Once released, the members continued to their destination, an hour behind schedule. Upon arrival, they set up the base camp and CAPLink radio in preparation for the OpEx portion of the training. An aircrew flying CAP255 from Prescott Composite Squadron 206 was the first to relay lines of position to locate the “missing aircraft” target. Cadets were trained in using the Foxhunt app to pinpoint a target, and quickly plotted the transmitted lines. Their lines resulted in a calculated center 4.5 miles away from the actual location. A second aircraft, CAP230 with a Deer Valley Squadron aircrew, was next on scene and transmitted a series of lines of position that resulted in a center one-quarter mile from the actual site. They were then directed to fly over the simulated crash site and located it from the air.

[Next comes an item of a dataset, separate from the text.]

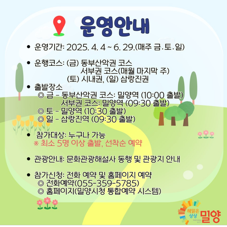 밀양 시티투어는 2025년 동안 매주 금요일부터 일요일까지 운행됩니다. 각 요일별로 다른 코스를 운영하여 밀양의 다양한 관광지를 효율적으로 둘러볼 수 있도록 구성되어 있습니다.

“CAP230 did an exceptional job of guiding the ground assets to the target site,” Ricker said. “We could not visually see the site from the road and the crew was able to guide us to within 500 feet of the target. We also requested they provide general air support and look for a possible helicopter landing location. They provided guidance for us to the possible landing site.”

Once the “crash site” was found, the cadets then learned that some of the “victims” had left the area and needed to be located by ground search. The sUAS team members set up their drones while the cadets began a “bounding overwatch” search. The cadets and the sUAS team located the missing victims a short distance away at about the same time.

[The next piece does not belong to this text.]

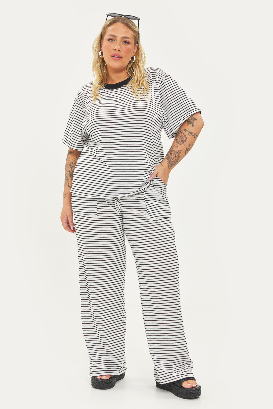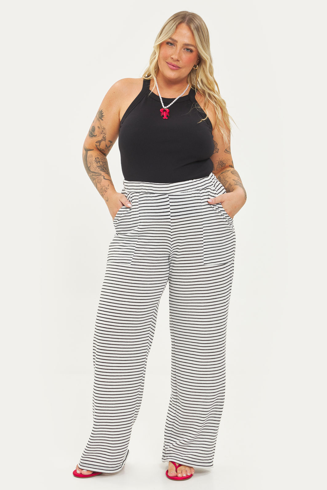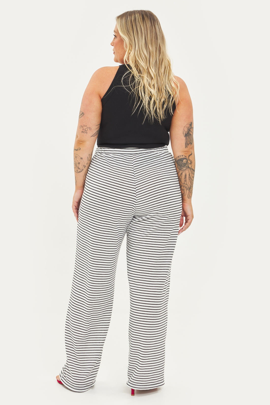 Calça feminina confeccionada em malha de tricot listrada. A peça possui cintura alta, cós total em elástico para melhor adaptação a diferentes corpos, bolsos frontais funcionais, shape solto e caimento reto. Modelagem especializada para corpos plus & curve size.

That completed the OpEx portion of the training. The cadets and FTX senior members returned to their base camp for more field training and radio practice. They were fed lunch by Arvizu’s brother, Jose Arvizu, and had some relaxation time by a stream before packing up and heading home.

The FTX team was also tasked to perform some initial field tests with the newly developed mobile CAPLink. While there were some issues with the transmit function, the unit showed significant field capability and reception quality was exceptional.

There were many lessons learned during the FTX that will be added to the planning for the next one.